-- WHAT TO WORK ON --
Look through the listing below for the line containing "为切实提高教师心理健康教育工". Copy it and each line after it up to and including the line containing "Ich habe das", exactly, leaving out pictures.

-- PROVIDED ENTRIES --
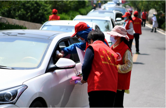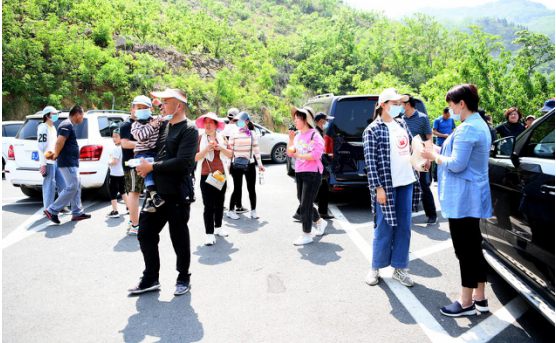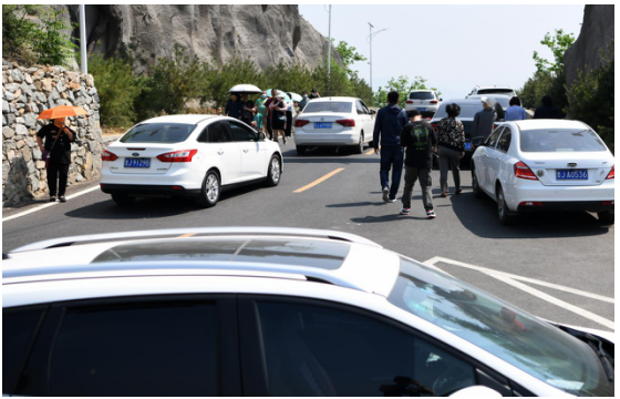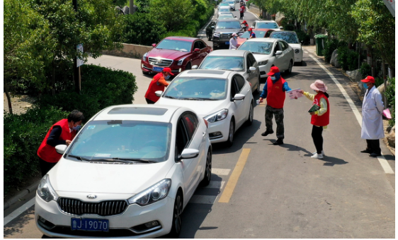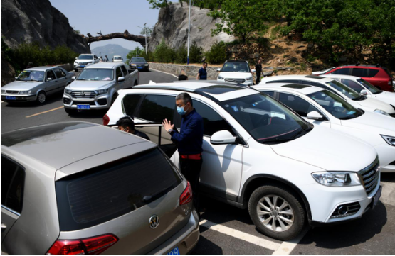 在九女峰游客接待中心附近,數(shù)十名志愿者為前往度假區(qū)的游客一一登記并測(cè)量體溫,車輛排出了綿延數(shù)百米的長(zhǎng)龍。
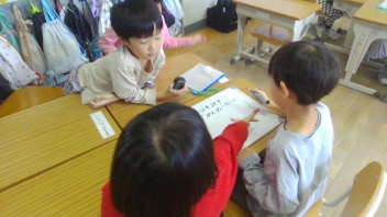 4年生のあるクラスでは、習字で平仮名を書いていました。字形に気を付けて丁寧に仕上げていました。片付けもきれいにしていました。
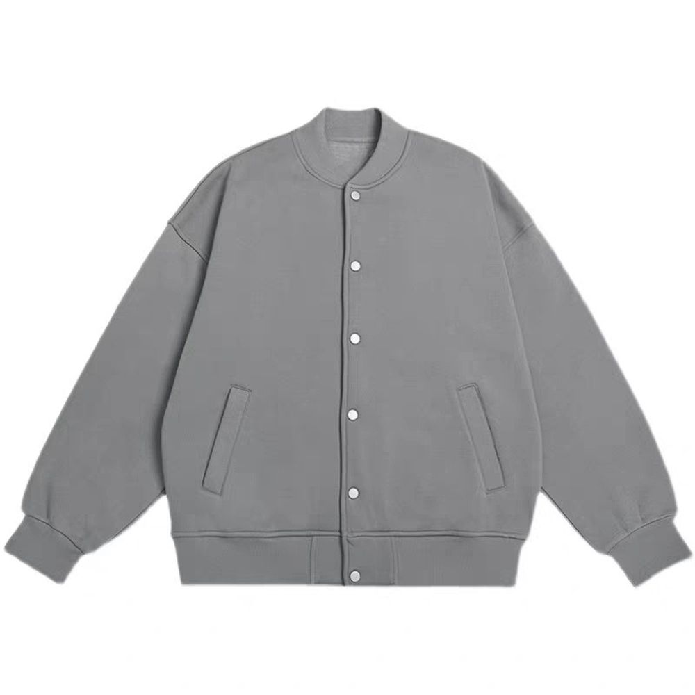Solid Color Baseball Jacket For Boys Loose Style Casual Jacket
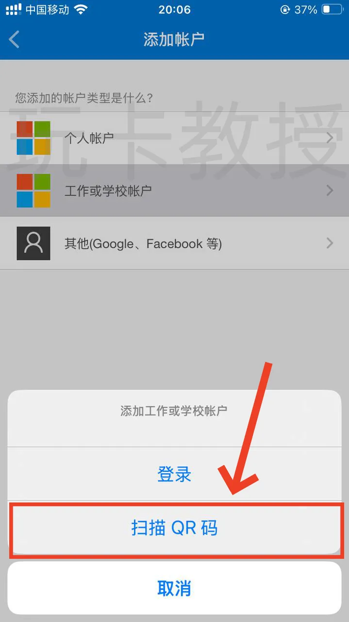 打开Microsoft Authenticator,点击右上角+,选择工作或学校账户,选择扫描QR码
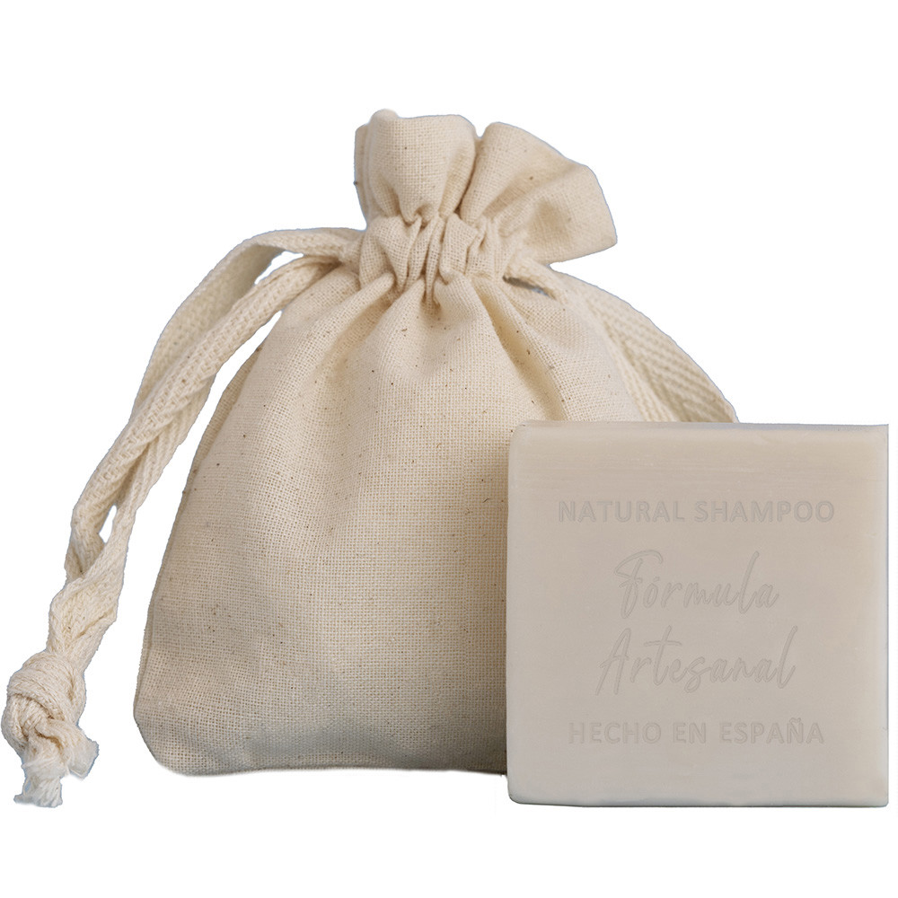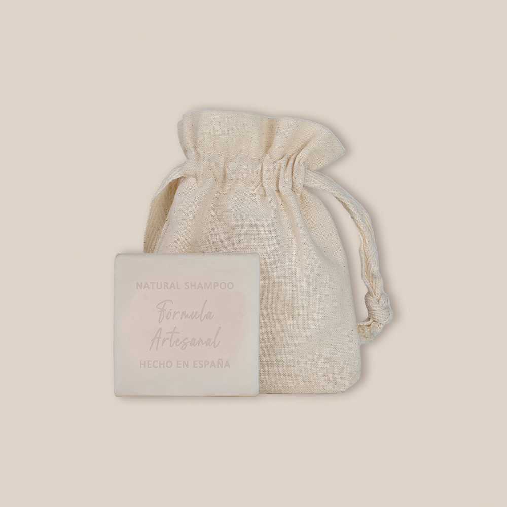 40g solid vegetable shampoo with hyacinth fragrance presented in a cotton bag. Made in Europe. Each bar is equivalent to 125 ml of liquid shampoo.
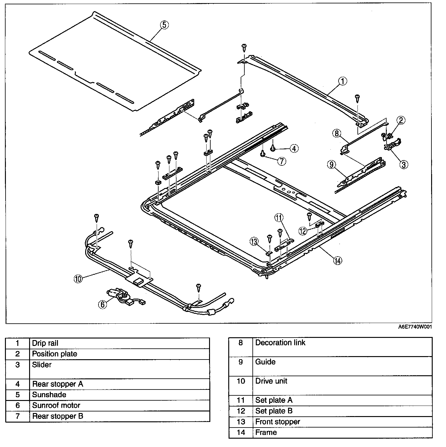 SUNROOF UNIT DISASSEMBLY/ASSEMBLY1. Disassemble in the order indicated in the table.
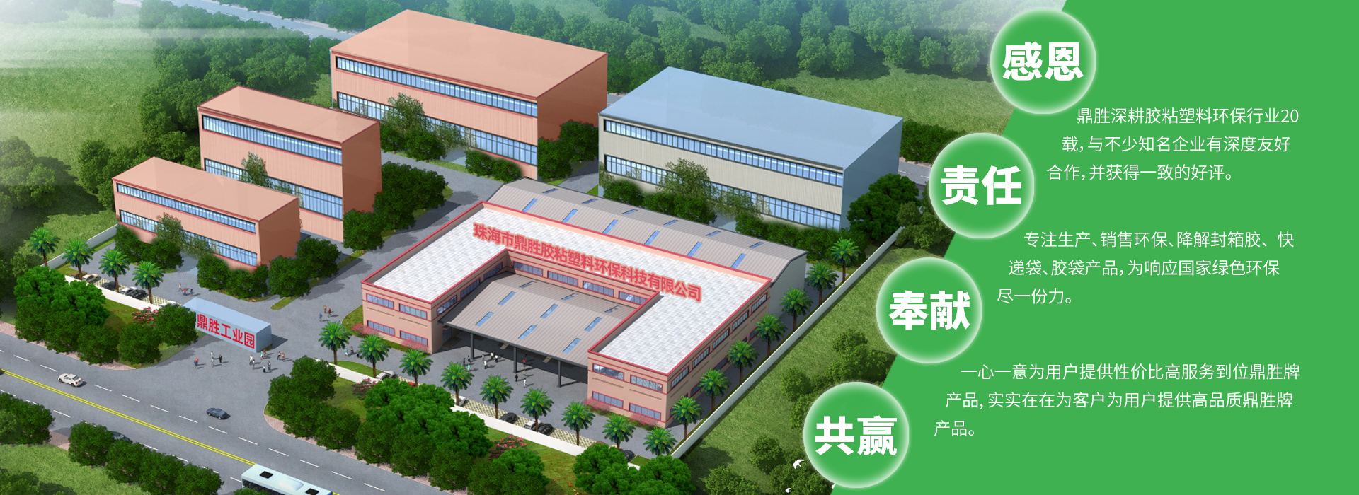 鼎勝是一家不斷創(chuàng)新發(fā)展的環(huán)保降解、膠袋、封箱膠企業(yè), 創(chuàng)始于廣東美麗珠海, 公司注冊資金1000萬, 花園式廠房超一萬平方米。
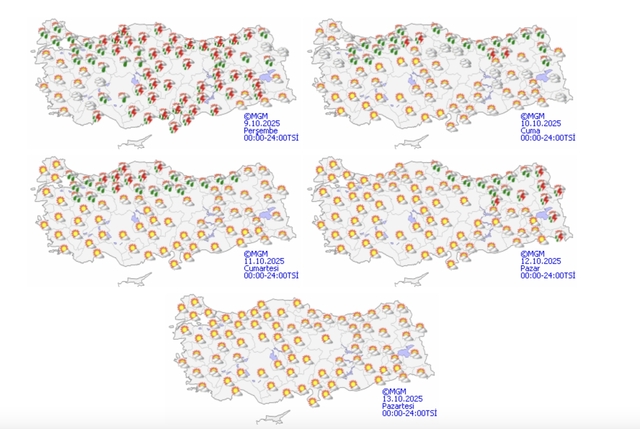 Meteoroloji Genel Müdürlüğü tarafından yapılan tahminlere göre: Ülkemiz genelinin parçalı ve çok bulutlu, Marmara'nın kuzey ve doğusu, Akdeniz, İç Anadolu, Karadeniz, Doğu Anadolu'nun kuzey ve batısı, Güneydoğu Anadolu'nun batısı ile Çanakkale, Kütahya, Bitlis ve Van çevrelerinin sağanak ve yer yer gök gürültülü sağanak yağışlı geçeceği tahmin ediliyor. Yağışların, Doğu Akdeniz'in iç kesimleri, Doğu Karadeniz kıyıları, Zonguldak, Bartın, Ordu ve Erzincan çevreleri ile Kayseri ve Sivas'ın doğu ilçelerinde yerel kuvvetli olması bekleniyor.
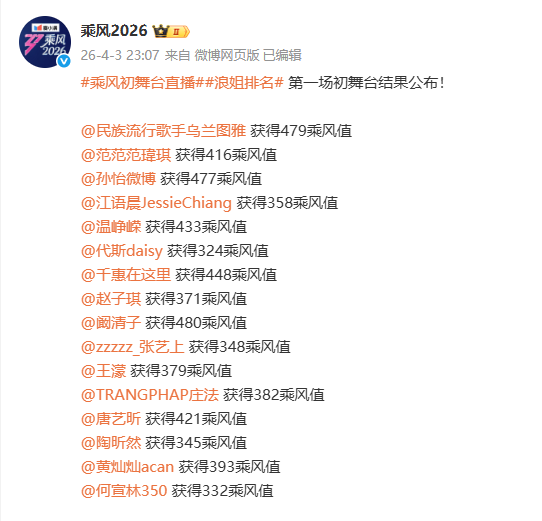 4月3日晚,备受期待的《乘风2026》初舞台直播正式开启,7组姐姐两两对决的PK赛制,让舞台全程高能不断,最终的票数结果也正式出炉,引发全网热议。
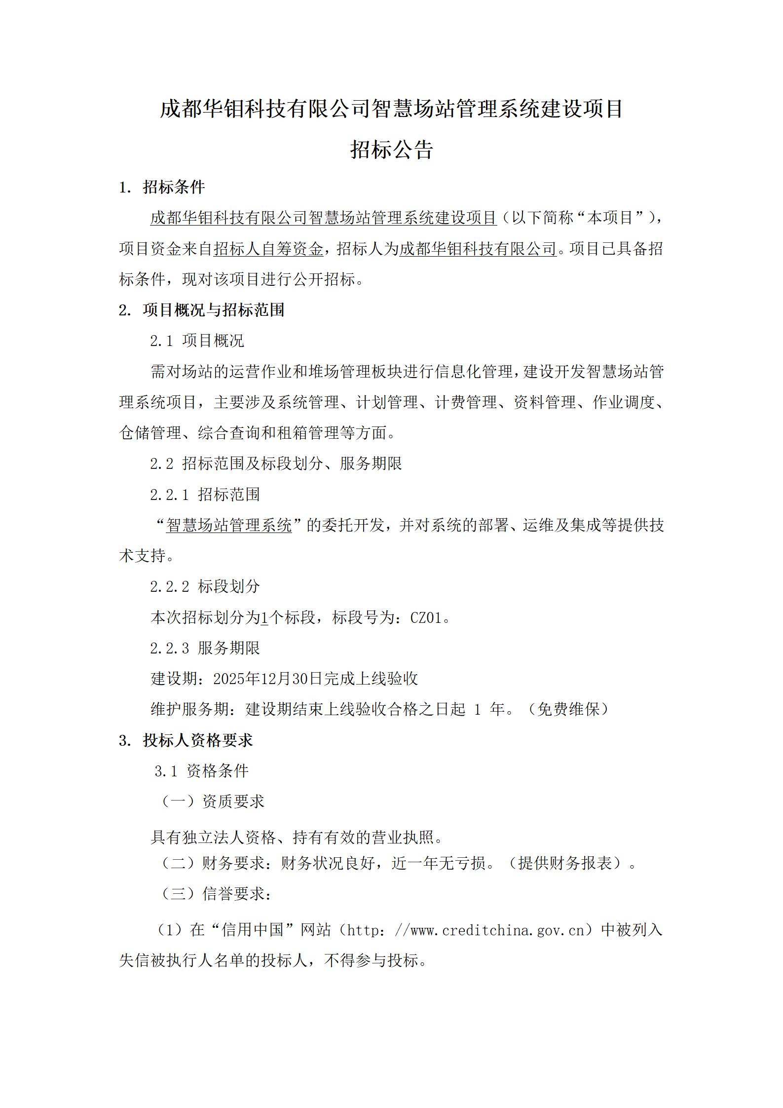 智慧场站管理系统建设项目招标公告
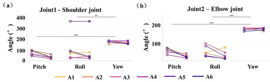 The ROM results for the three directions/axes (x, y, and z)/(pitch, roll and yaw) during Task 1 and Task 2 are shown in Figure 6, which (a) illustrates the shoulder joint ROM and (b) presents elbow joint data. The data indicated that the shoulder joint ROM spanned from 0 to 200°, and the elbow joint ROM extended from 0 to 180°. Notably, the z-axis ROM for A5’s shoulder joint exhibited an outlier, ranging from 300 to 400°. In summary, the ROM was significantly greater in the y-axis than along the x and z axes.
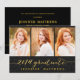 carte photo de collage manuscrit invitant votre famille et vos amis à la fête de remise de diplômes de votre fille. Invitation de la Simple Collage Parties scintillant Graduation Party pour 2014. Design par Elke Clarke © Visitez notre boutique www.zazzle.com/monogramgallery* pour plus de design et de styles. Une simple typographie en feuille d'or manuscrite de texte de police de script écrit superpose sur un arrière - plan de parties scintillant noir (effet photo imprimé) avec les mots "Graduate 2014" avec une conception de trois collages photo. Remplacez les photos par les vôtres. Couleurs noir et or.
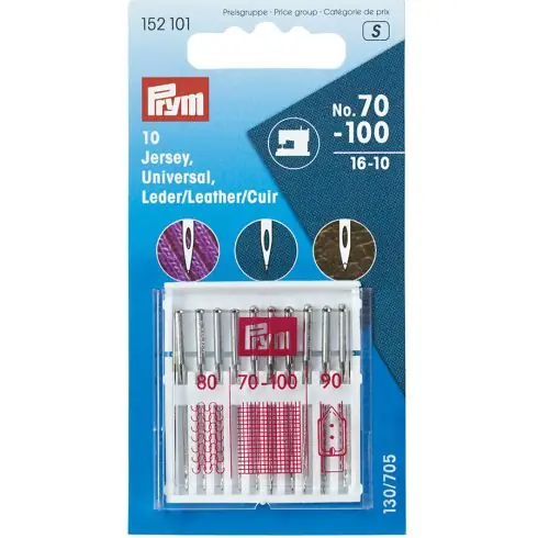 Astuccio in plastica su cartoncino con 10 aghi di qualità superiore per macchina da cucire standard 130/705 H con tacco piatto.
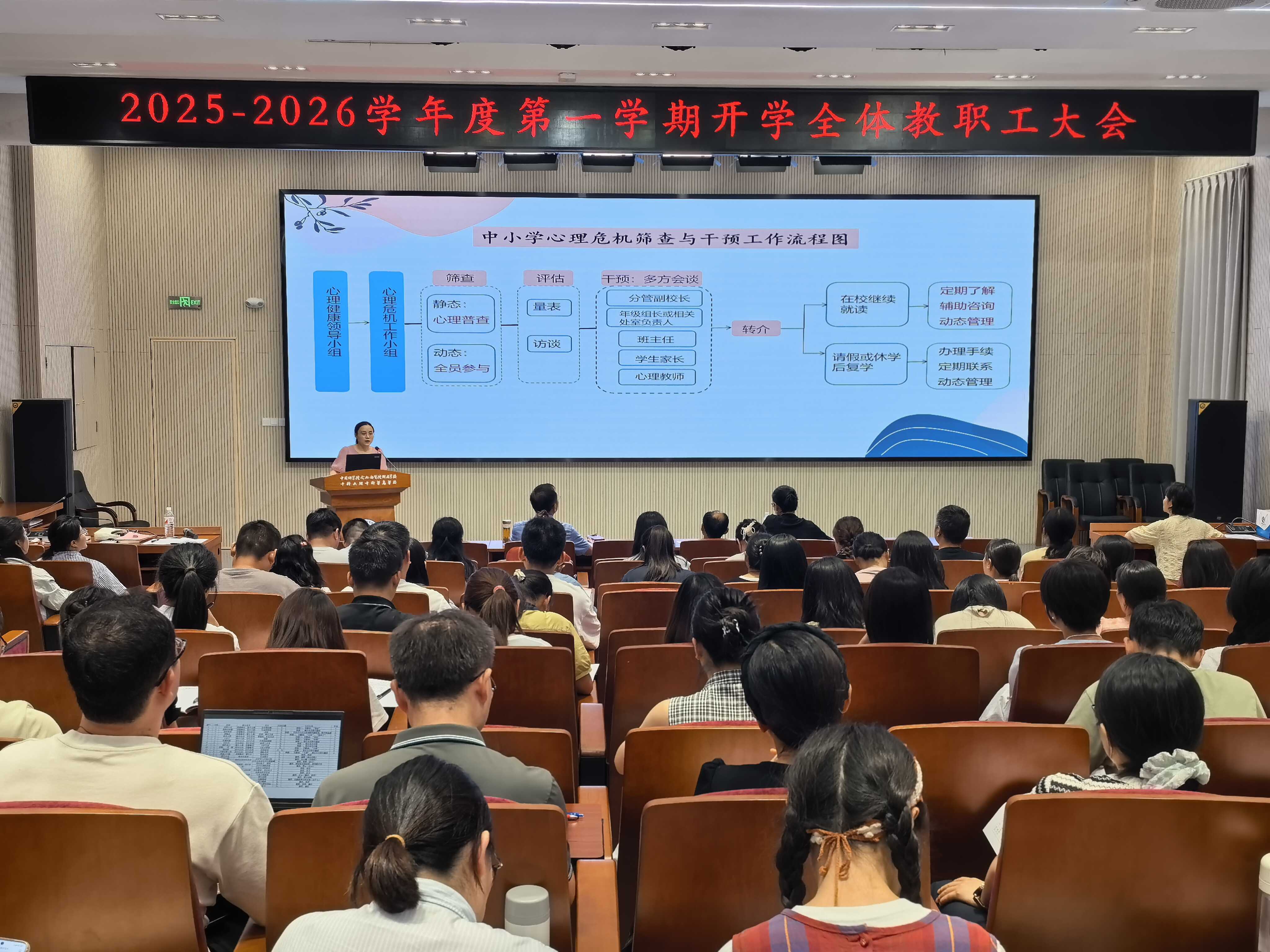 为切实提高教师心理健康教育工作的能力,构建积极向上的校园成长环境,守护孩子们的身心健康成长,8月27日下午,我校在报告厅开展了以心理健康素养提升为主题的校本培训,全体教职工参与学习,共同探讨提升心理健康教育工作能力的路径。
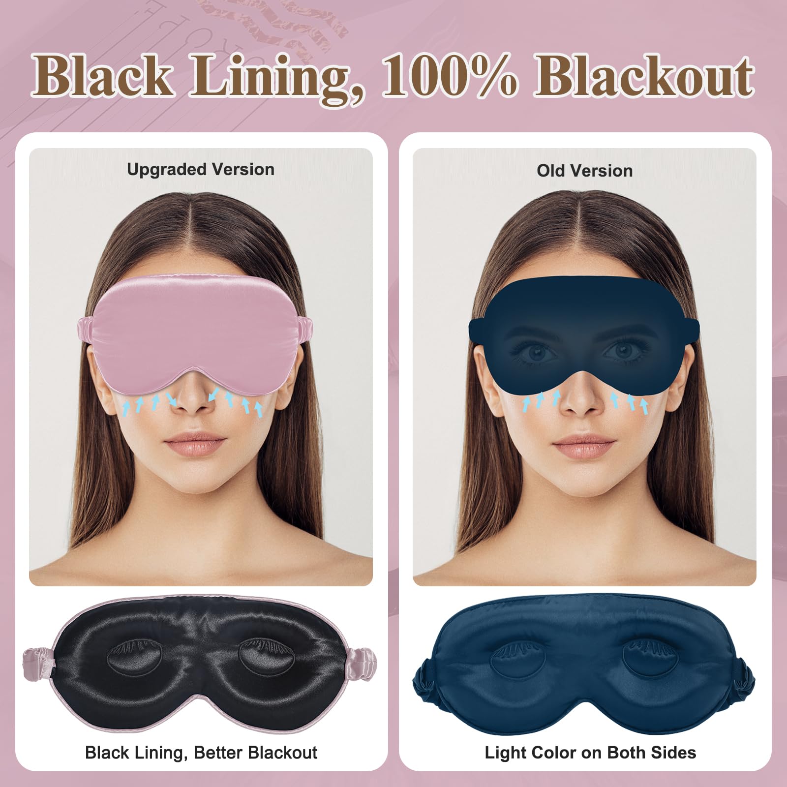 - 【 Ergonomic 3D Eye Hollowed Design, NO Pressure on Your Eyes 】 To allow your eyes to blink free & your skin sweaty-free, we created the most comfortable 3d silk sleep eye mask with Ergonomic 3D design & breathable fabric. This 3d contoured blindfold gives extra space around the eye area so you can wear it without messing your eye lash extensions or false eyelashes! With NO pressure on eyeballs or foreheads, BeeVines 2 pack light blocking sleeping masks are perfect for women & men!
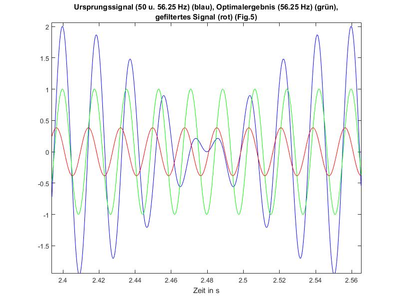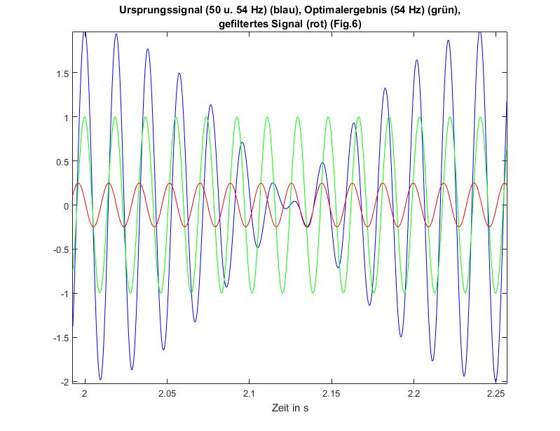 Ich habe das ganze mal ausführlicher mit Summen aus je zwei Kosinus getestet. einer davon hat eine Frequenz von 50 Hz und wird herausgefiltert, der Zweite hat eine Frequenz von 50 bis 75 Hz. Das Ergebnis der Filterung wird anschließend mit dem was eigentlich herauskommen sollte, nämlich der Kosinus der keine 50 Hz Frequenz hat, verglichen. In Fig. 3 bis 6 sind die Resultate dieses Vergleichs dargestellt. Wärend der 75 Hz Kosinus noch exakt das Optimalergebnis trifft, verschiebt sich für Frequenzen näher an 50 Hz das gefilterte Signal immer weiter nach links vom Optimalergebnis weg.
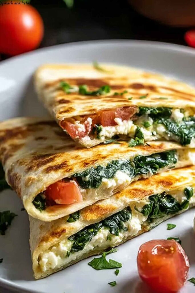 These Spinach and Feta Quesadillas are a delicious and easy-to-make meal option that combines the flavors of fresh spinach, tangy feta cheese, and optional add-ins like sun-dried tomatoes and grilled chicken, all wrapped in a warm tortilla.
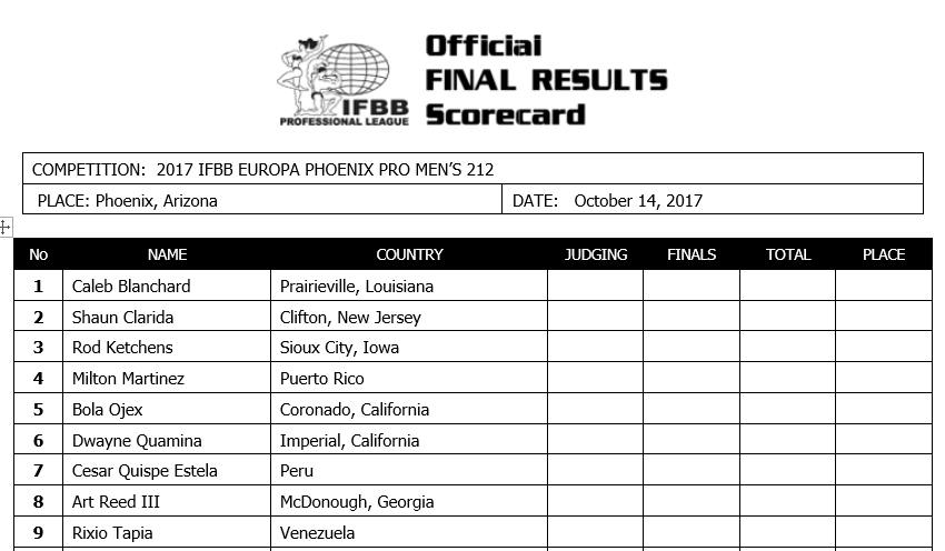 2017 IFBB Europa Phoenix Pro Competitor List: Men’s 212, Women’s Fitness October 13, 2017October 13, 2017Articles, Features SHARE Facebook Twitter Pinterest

-- OUTPUT BELOW --
 为切实提高教师心理健康教育工作的能力,构建积极向上的校园成长环境,守护孩子们的身心健康成长,8月27日下午,我校在报告厅开展了以心理健康素养提升为主题的校本培训,全体教职工参与学习,共同探讨提升心理健康教育工作能力的路径。
 - 【 Ergonomic 3D Eye Hollowed Design, NO Pressure on Your Eyes 】 To allow your eyes to blink free & your skin sweaty-free, we created the most comfortable 3d silk sleep eye mask with Ergonomic 3D design & breathable fabric. This 3d contoured blindfold gives extra space around the eye area so you can wear it without messing your eye lash extensions or false eyelashes! With NO pressure on eyeballs or foreheads, BeeVines 2 pack light blocking sleeping masks are perfect for women & men!
 Ich habe das ganze mal ausführlicher mit Summen aus je zwei Kosinus getestet. einer davon hat eine Frequenz von 50 Hz und wird herausgefiltert, der Zweite hat eine Frequenz von 50 bis 75 Hz. Das Ergebnis der Filterung wird anschließend mit dem was eigentlich herauskommen sollte, nämlich der Kosinus der keine 50 Hz Frequenz hat, verglichen. In Fig. 3 bis 6 sind die Resultate dieses Vergleichs dargestellt. Wärend der 75 Hz Kosinus noch exakt das Optimalergebnis trifft, verschiebt sich für Frequenzen näher an 50 Hz das gefilterte Signal immer weiter nach links vom Optimalergebnis weg.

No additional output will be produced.